I'm sorry, but if you have a DSP background you should at least be able to give a better explanation than 'trust me'. I have a really tiny DSP background (a 3 week lecture course), but specific questions that would help convince me of your point of view would be:

- Sampling at a frequency 2f lets us reproduce the specific component of every frequency <= f (proved by Shannon, Nyquist etc). This can be easily proven mathematically, and were it not the case in practice would have been largely discredited (it's a fundamental of many fields).These 'jagged' waveforms must then have their frequency components <= f perfectly represented - the only components that are ignored are those that are > f (I've idealised here, but I'm assuming we've filtered correctly). If f is greater than the maximum frequency we can hear, why does it matter at all?

- When the entire field of digital signal processing (and anyone who uses it, such as a sound engineer) relies on such math from top to bottom to make the recording process work, why should we ignore it as soon as we start experimenting and simply consider what our ears tell us?
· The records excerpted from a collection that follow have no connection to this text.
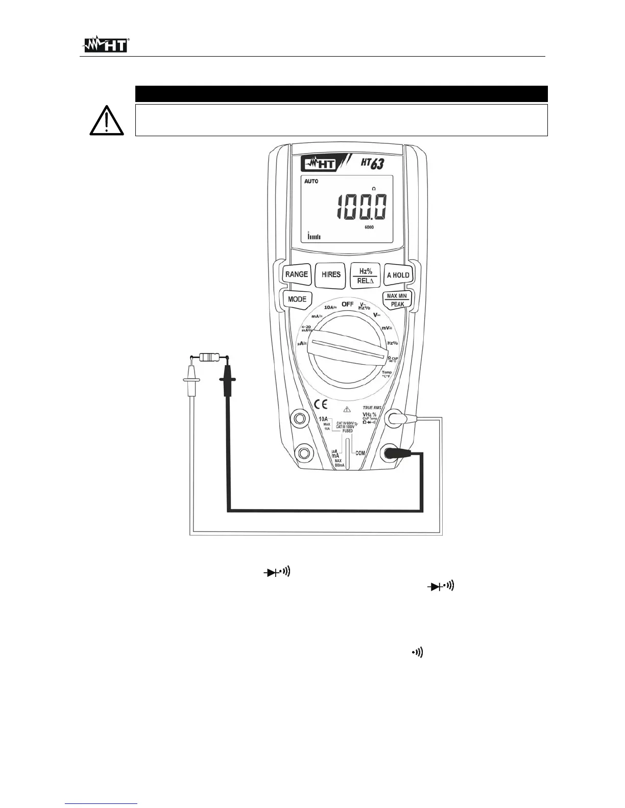 5. Drücken Sie die MODE Taste zur Auswahl der Messung “ ” (Durchgangstest) und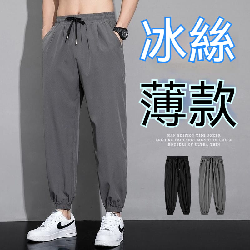 【現貨】夏季冰絲涼感休閒長褲 百搭薄款 運動寬松 新款速幹 運動直筒 潮流透氣百搭休閑褲 冰絲褲 涼感褲 速乾褲 運動長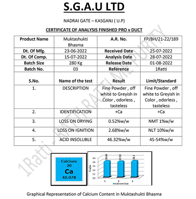 1Ratti Muktashukti Bhasma It Is primarily used to manage digestive disorders. It is an Ayurvedic medicine used to manage gastritis-related ailments, including belching, bloating and constipation. It effectively provides relief from heartburn and improves overall digestive health.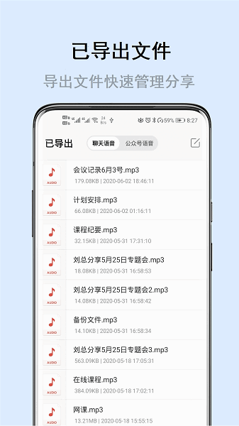 畅享微课这款应用支持多个微信语音的整理,每个账号的语音都会自动获取,不需要来回切换就能找到需要的语音留言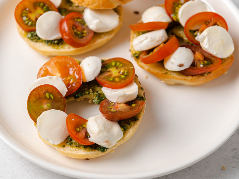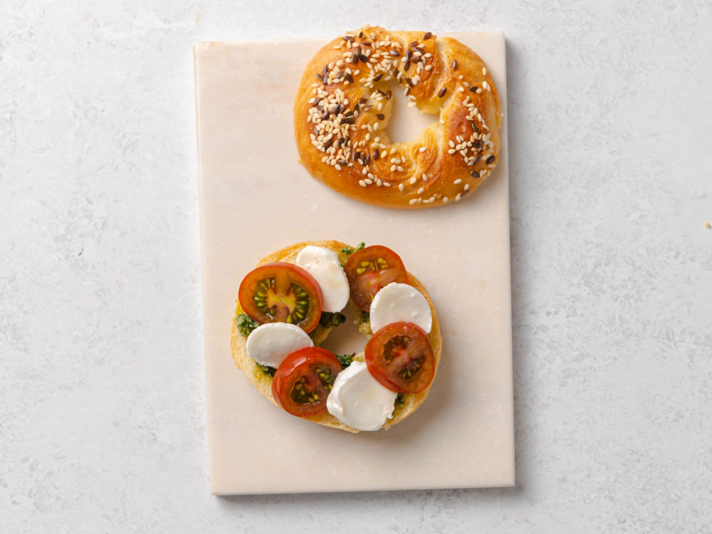 Выкладываем моцареллу и томаты, сверху накрываем второй половинкой бейгла.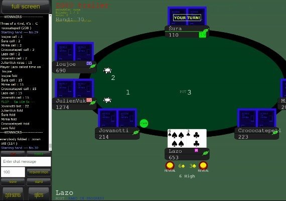 Superglattes und flüssiges Spielerlebnis ohne Störungen, so dass Sie viele Hände pro Stunde spielen können. Wählen Sie Ihren individuellen Chipwert - Blinds und Ante. Behalten Sie den Überblick über den Spielstand, die Buy-Ins und den aktuellen Stack eines jeden Spielers! Alles wird auch in die Logdatei geschrieben.

Why should you ask the question 'why does my mathematical knowledge of a subject fall short of explaining what many people seem to experience?' in the first place? It seems to imply that your ears are more accurate than a century of study, which at least seems arrogant.
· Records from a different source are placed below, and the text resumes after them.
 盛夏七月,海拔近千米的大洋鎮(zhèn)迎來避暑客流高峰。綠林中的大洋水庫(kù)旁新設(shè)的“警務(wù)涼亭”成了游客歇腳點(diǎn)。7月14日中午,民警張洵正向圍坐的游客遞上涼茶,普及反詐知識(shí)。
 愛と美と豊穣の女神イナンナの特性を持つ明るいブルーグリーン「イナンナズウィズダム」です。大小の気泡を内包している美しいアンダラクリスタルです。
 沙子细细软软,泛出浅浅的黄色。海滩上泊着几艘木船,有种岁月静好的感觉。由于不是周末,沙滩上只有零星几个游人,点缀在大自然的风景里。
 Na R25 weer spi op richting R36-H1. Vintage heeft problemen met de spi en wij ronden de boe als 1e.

- A number of the points you've made (regarding people hearing different things) were explained in some way in the article. What are your views on that?

I'm largely convinced that you're wrong (you've given no specific justification for any of your points), but I would be interested to hear what you have to say.


"everything I said was regarding the source of capturing a sound"

Well, the rant is about reproduction of the sound. For capturing sound he basically agrees with you, 24/192 has its place in studio, recording and music production.


> It makes s HUGE difference, trust me.

The articles entire point is that statements like this cannot be trusted. Read under "Listening tests", and it's clear that there is no benefit to the higher samling rate. I highly encourage you to do your own double blind ABX - if you can select 10 tracks where people can reliabilly tell the 44K from the 192K I will reconsider. But until then, everything we know so far tells us that 44KHz is more than enough.